Abstract
Cancer has eventually stepped into the molecular insights focussing on the development of new generation of anticancer drugs especially of natural origin and its analogues with less or no toxicity issues and targeting specific molecular signalling pathways. In various therapeutic areas, numerous natural products and their derivatives have been effectively used to treat many human diseases or disorders.
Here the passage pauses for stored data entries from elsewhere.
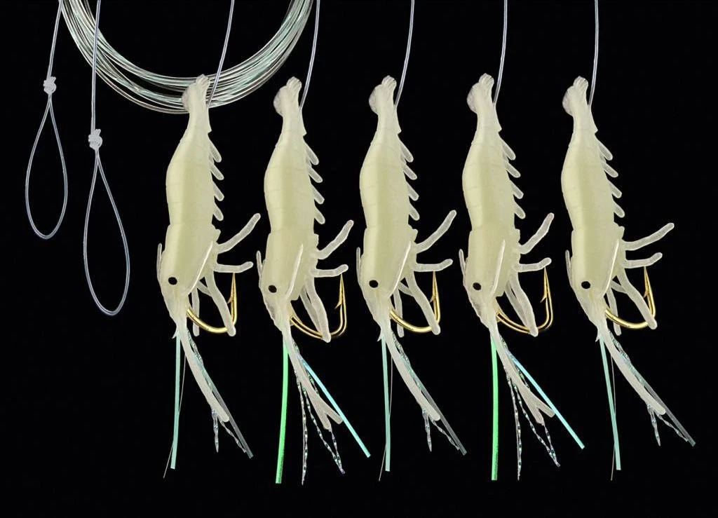 Dies ist ein sehr fängiges Vorfach mit 5 Seitenarmen. Es ist mit attraktiven Shrimp-Imitaten versehen und perfekt montiert bzw. geknotet. Es hat eine Länge von 150cm, eine Schnurstärke von 0,50mm und eine Hakengröße von 1/0. Es gibt zwei verschiedene Farben.
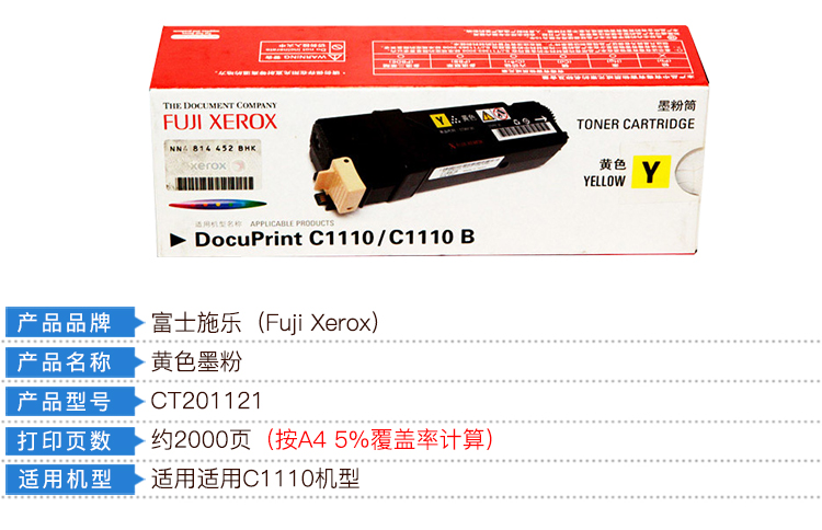 商品名称:富士施乐(Fuji Xerox)CT201121黄色墨粉(适用于:C1110)
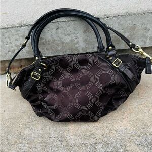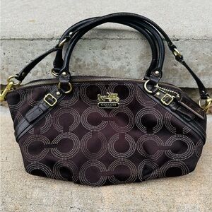 Coach Signature Canvas Brown Handbag Shoulder Bag 12.6x9.4in
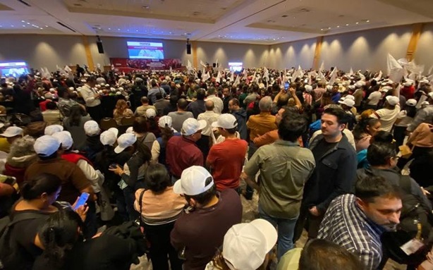 Dentro del salón se estiman más de 2 mil 500, otras mil en el vestíbulo y el resto todavía en camiones y llegando.
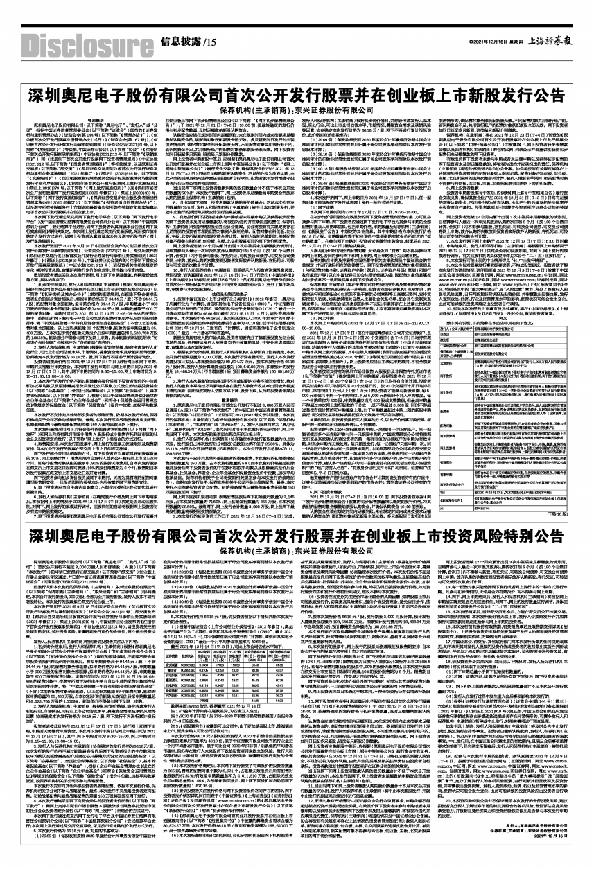 10、网下投资者应根据《深圳奥尼电子股份有限公司首次公开发行股票并在创业板上市网下初步配售结果公告》,于2021年12月21日(T+2日)16:00前,按最终确定的发行价格与初步配售数量,及时足额缴纳新股认购资金。
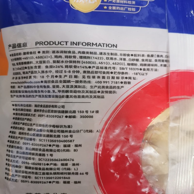 海欣捞道脆骨鱼柱2斤装关东煮烧烤脆骨棒脆骨丸鱼柱鱼丸火锅食材
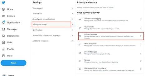 3、在设置界面中,点击隐私安全右侧中的内容(Content you see)选项.
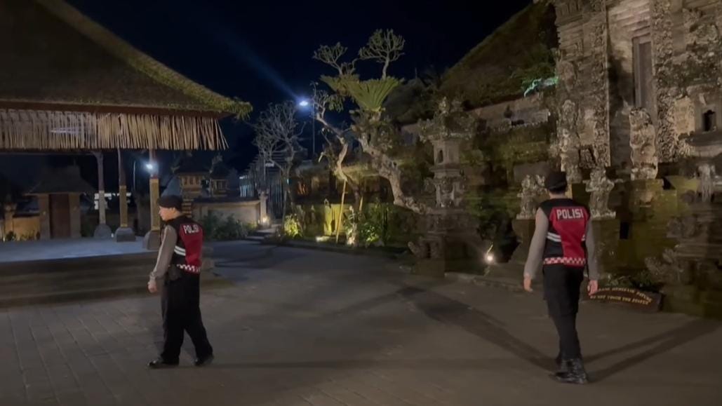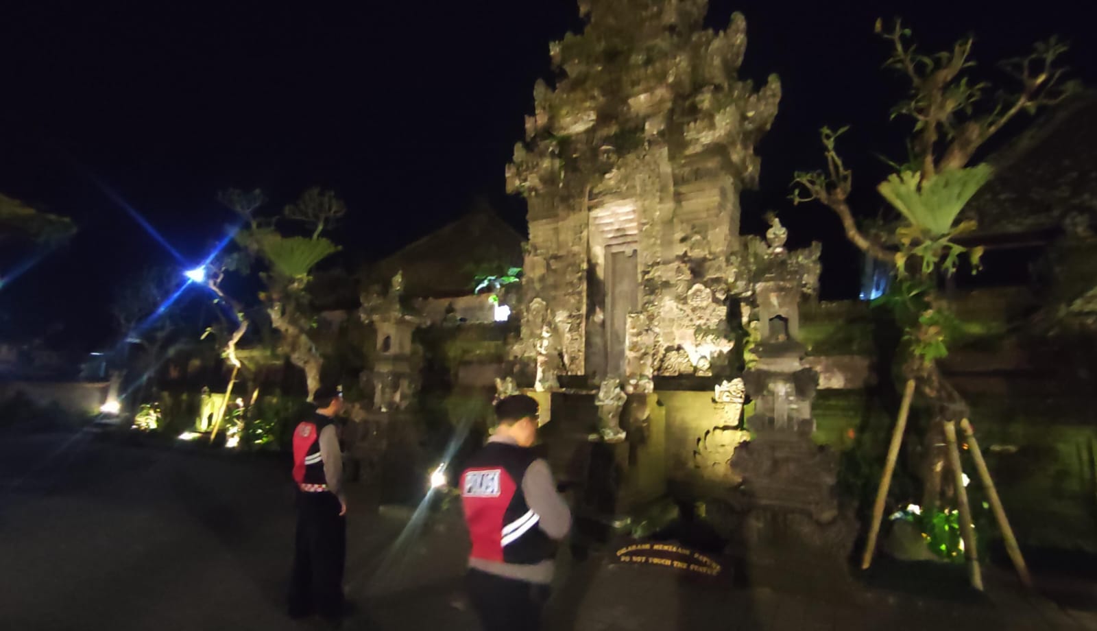 Menjaga Situasi Tetap Kondusi Pada Malam Hari, Sat Samapta Polres Bangli Sambangi Tempat Suci Pura Penataran Desa adat Penglipuran, Kec. Bangli
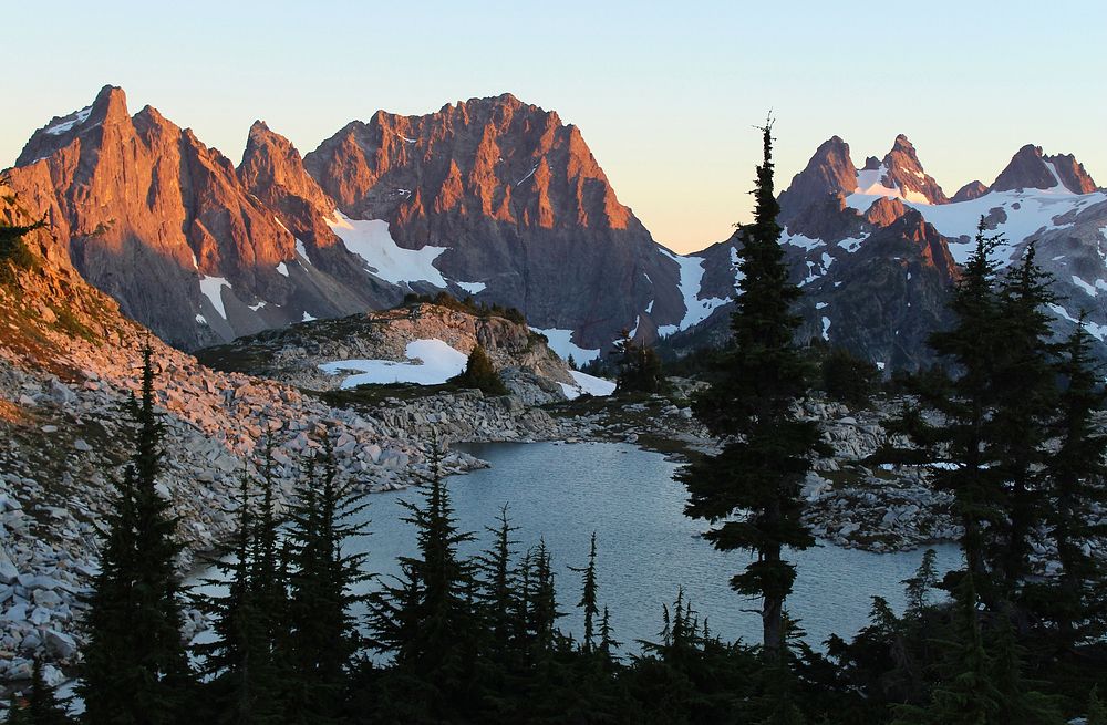 Sunset at Tank Lakes, Alpine Lakes Wilderness on the Mt. Baker-Snoqualmie National Forest. Photo by Matthew Tharp. Original public domain image from Flickr
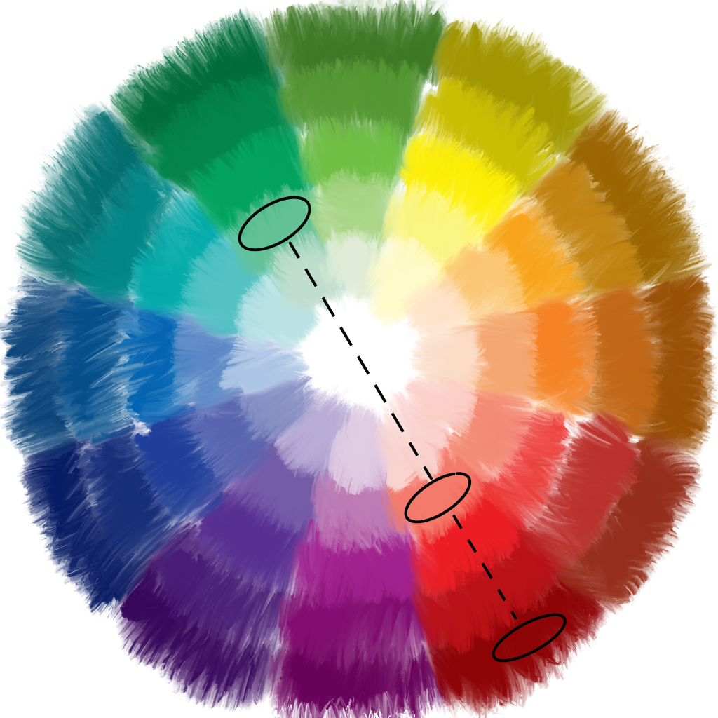 Schemat komplementarny obejmuje kolory, które znajdują się naprzeciwko siebie na kole kolorów:

Chalcones, as metabolic precursors of some flavonoids and isoflavonoids have a structure of open chain flavonoids (1,3-diaryl-2-propen-1-ones) present in fruits and vegetables, possessing a broad range of biological activities including cancer chemotherapeutic and chemopreventive property. The anticancer properties of chalcones have been improved by substituting aryl rings (e.g. methoxy substitution on both aryl rings A and B) and introducing heterocyclic moieties. Hybridization with other pharmacologically important moieties (benzodiazepines, benzothiazoles, imidazolones etc.) by taking the help of SAR (structure-activity relationship) studies with much ease in preparation and oral administration ultimately has made chalcone a safe therapeutic agent. Some clinical trials revealed that these compounds did not cause toxicity and are present in plasma at optimum concentrations. Nowaday’s several chalcones are also used in cosmetic formulations and in food additives which could further be utilized for its chemopreventive potential. This book chapter briefly summarizes the demanding efforts made in the development of novel anticancer chalcones recorded in recent literatures with focussed cancer targets as well as presents an outline of the patents published in recent decades.
Keywords: Angiogenesis, antiproliferative, apoptosis, cancer, cell cycle arrest, cell line, chalcone, chalcone derivatives, chemoprevention, cytotoxicity, heterocyclic chalcone derivatives, IC50, metastasis, NFκB, p53, p21, p23, TRIAL, tumor.